Very good. Well, that's the long and the short of it. That's the length of it.
Well, let's do volume now. What do we begin with?
Well, we've got the ounces in the fluid out, so we've covered that.
We have a gill.
Do you know about a gill?
I sort of know about a gill because I feel sometimes when you go into a pub and ask for something,
you see them producing little things from the back counter and pouring into it and then into little vessels.
And I think I've seen on the side of those vessels, they are a gill or something.
Am I got that right? Yeah, well, possibly.

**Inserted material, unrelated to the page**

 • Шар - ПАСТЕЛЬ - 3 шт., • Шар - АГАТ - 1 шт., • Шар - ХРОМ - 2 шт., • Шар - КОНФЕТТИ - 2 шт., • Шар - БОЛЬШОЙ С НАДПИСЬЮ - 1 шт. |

This was new to me, actually. So i learned this one from harriet our producer um it's a unit of liquid
measure and it's a quarter of a pint ah and it goes back to um again to latin late latin this
one and it goes back to um gila which meant a water pot so it was actually used for water and
for hydro pots which i like to call water drinkers or drinkers of soft beverages and then it was actually used for water and for hydro pots, which I like to call water drinkers or drinkers of soft beverages.

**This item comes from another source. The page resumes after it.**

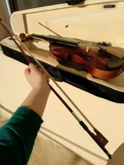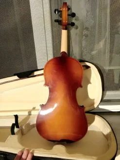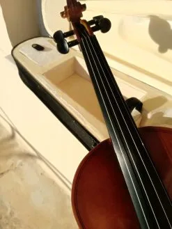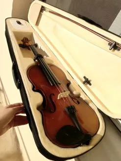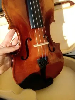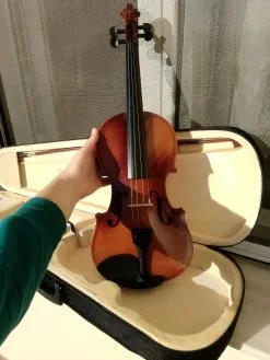 Βιολί μεγέθους 4/4 χειροποίητο με δοξάρι καινούργιο από επιλεγμένα ξυλα που έχουν επιλεγεί για τις εκπληκτικές ακουστικές τους ιδιότητες. Μαζι με θήκη με εσωτερικό βελούδο και σαπουνακι για τις χορδές.

And then it was transferred over to a measure or container for wine.
So me, not drinking alcohol, I'm a hydro pot.
I like that.
So we've had the fluid ounce.
We've now had the gill, pronounced gill, not jill.
I think it's the gill.
Then we have a pint.
Now, pint, we don't know where that comes from.

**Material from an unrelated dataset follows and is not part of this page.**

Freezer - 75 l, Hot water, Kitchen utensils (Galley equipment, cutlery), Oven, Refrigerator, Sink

Its origin is entirely unknown.
You're joking.
No.
Nobody knows the root of the word pint.
No.
Pick up a pint.
Nobody knows.
Nobody knows.
In the Oxford English Dictionary, which is our primary source, what does it say?
It says origin unknown.
I mean, how far back does it go?
We took it from old french
so we can take it back to probably the normans but then it's lost we have absolutely no idea
and is it possible that one day it will be found i mean is oh yeah so it's like being on the beach
with your machine trying to pick up an old coin you can actually be out there looking for the
source of a word and suddenly you can come across an old manuscript or something that gives you the source. The archaeology will go on for sure. So I'm just looking down here
to say it may come from a Latin, a similar word in Latin, but it says the form of the French word
is unexpected, so they can't quite work it out. Possible that the post-classical Latin word was
borrowed from a vernacular language. Basically they don't know so yeah lots of
suggestions but the jury is out pick up a pint uh well there we are what about the surname pinter
do you think it's connected with it somebody who delivered pints was a painter yeah i think you
might absolutely be right with that yeah harold pinter of course great british playwright nobel
laureate uh not so well known was har Punter, author of The Misprint,
a not very successful play.
That's my joke.
Okay, on we go.
Pint, you get a quart next.
I'm so gullible.
A quart is the unit of capacity.
That's a quarter of a gallon.
That comes from Old French and then ultimately again Latin.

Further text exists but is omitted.